I'm using beeline hive here, and for the records I'm not a pro in SQL, but I make my way through.
So, my task is create a sample database for an A/B study, (and so far so good) but the issue started when I've asked to sample based on demographic distributions.
Wrapping up, my dataset is 1M users and they are unevenly distributed in the countries (currently is ~ 70 countries), my task is to randomly choose 50k users in a way that is proportional to the amount of users in each country in my database.

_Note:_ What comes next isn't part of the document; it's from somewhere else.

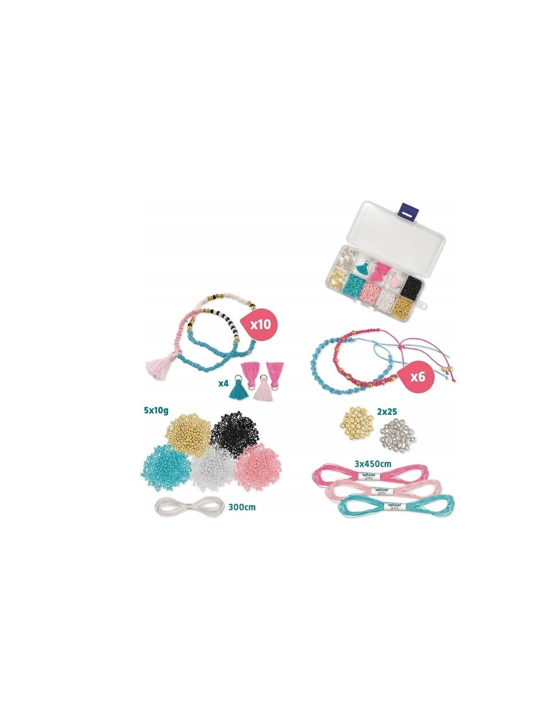 ¡Imagin'Style permite a los niños desarrollar su creatividad, concentración y agarre mientras se divierten! Los niños desarrollan su destreza y aprenden sobre la creación artística de moda. El paquete incluye 16 pulseras (6 tejidas y 10 con cuentas), cuentas y borlas para decorar, 3 colores de hilo y una caja para guardar cuentas.
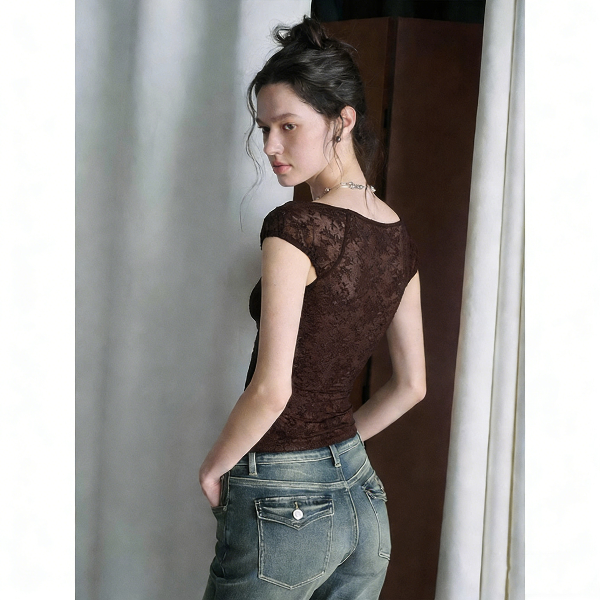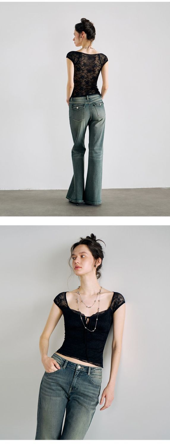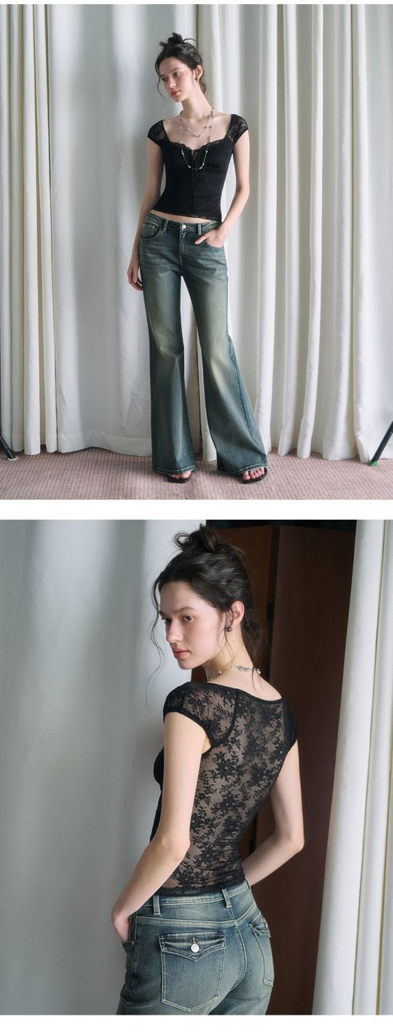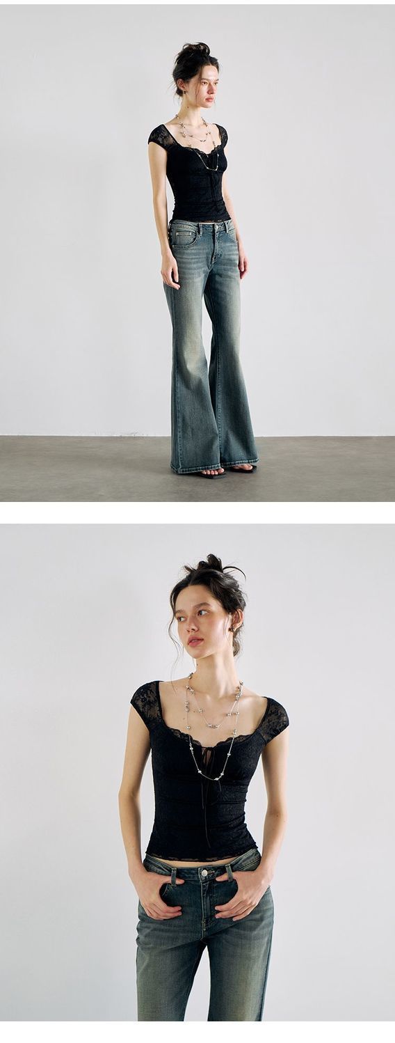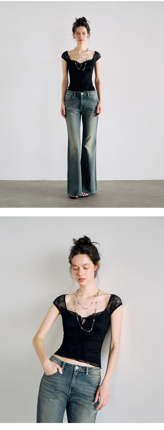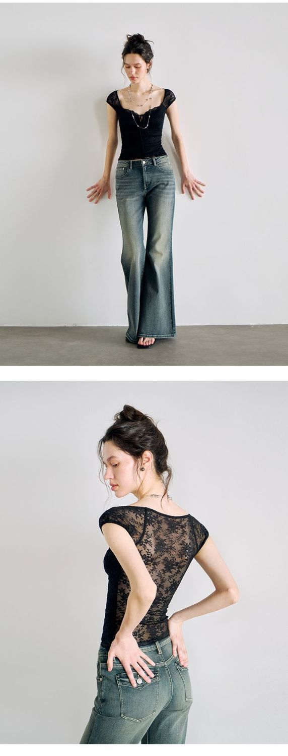 섹시한 핫 소녀 레이스 스플 라이스 오른쪽 어깨 반팔 티셔츠 여성 여름 새로운 슬림 피트 짧은 크롭 탑 트렌디스토어 가기

So, my output should be a table with 50k lines, and after that I'd do some joins with other tables to finish my data set.
For an ilustration:
- Total users = 1M
- Sample goal = 50k
- Expected sample = 50K * % of Total for each country
Country | # Users | % of Total | Expected Sample |
---|---|---|---|
UK | 120000 | 12% | 6000 |
Germany | 87000 | 8.7% | 4350 |
... | ... | ... | ... |
Spain | 240000 | 24% | 12000 |
The only way I've thought was to select a percent of total user by country in one query, do the math in excel with 1st query result, and write another query for each country using LIMIT
to select the correct amount.
CREATE TABLE AB_Study as
SELECT user_id FROM main_base WHERE country="UK" ORDER BY RAND() LIMIT 6000
UNION SELECT user_id FROM main_base WHERE ddd="Germany" ORDER BY RAND() LIMIT 4350
...
UNION SELECT user_id FROM main_base WHERE ddd="Spain" ORDER BY RAND() LIMIT 12000
The problem that isn't working because probably is a gigantic query, and I believe that should be a super nice approach to do this, but unfortunately I don't know.